TASK BRIEF:
Which lines below fall between the one containing "Figure 1: Overall" and the one containing "The Big League"? Repeat them exactly, counting both of those lines, and add nothing else.

DATA FOR PROCESSING:
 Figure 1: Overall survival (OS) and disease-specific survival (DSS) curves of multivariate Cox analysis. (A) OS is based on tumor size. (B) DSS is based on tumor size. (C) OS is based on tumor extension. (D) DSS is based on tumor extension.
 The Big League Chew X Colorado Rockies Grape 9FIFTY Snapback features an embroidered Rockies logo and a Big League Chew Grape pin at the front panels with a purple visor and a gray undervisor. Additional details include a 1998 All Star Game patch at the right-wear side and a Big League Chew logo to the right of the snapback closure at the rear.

...

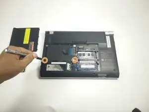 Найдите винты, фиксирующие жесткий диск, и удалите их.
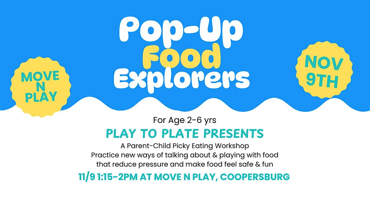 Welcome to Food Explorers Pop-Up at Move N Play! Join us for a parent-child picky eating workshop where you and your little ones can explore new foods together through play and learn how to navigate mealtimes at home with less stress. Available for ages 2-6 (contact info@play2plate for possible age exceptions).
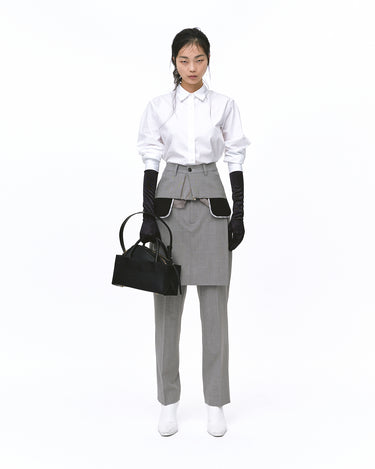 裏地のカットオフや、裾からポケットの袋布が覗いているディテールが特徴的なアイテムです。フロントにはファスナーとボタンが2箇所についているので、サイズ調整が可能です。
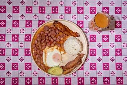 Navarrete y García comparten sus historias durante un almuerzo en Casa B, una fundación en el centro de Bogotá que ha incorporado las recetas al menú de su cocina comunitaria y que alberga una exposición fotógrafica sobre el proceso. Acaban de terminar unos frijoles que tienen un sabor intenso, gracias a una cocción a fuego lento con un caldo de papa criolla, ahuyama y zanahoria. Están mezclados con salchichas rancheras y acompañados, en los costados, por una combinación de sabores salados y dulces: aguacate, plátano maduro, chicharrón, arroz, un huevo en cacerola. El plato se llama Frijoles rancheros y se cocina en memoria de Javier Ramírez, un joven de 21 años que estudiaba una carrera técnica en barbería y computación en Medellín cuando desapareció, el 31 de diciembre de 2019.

--

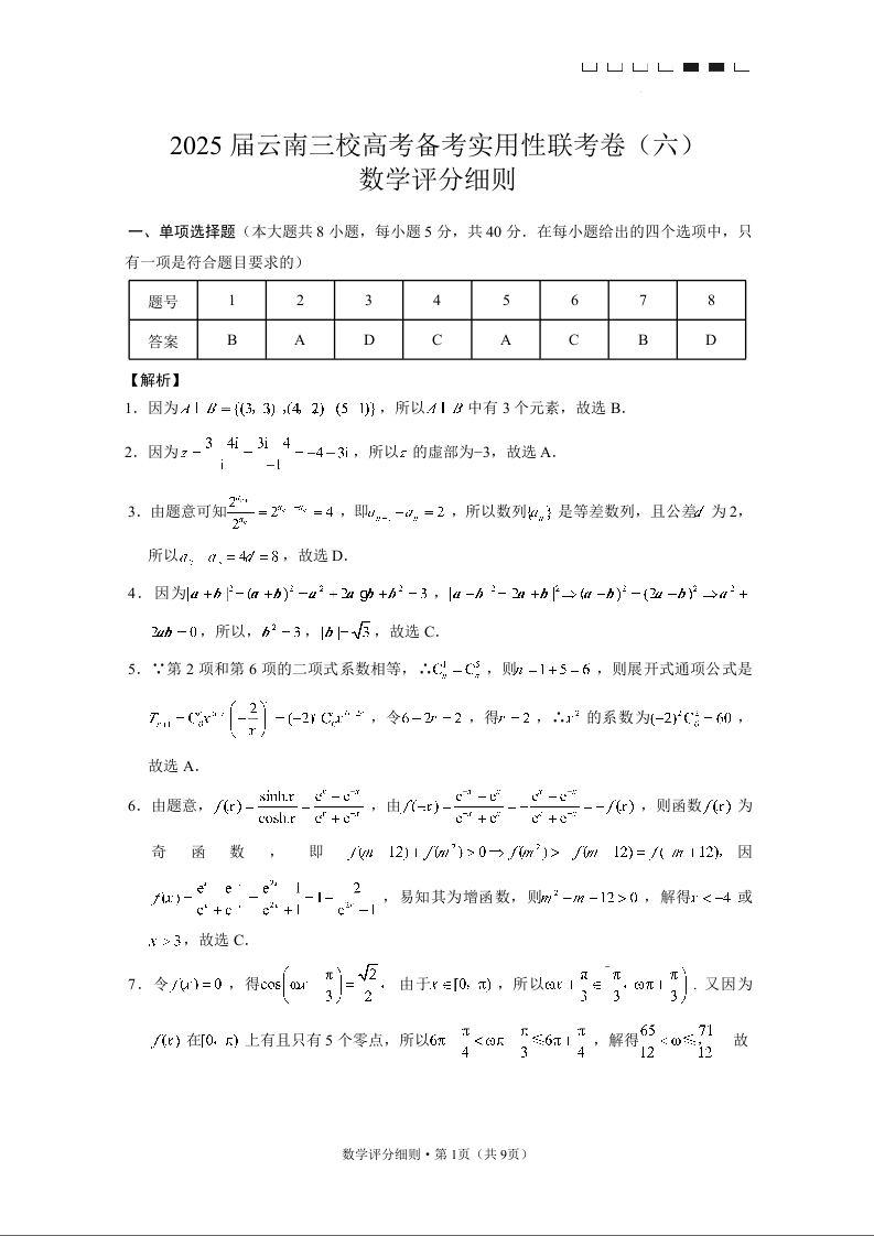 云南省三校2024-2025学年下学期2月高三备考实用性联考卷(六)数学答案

YOUR RESPONSE:
 Figure 1: Overall survival (OS) and disease-specific survival (DSS) curves of multivariate Cox analysis. (A) OS is based on tumor size. (B) DSS is based on tumor size. (C) OS is based on tumor extension. (D) DSS is based on tumor extension.
 The Big League Chew X Colorado Rockies Grape 9FIFTY Snapback features an embroidered Rockies logo and a Big League Chew Grape pin at the front panels with a purple visor and a gray undervisor. Additional details include a 1998 All Star Game patch at the right-wear side and a Big League Chew logo to the right of the snapback closure at the rear.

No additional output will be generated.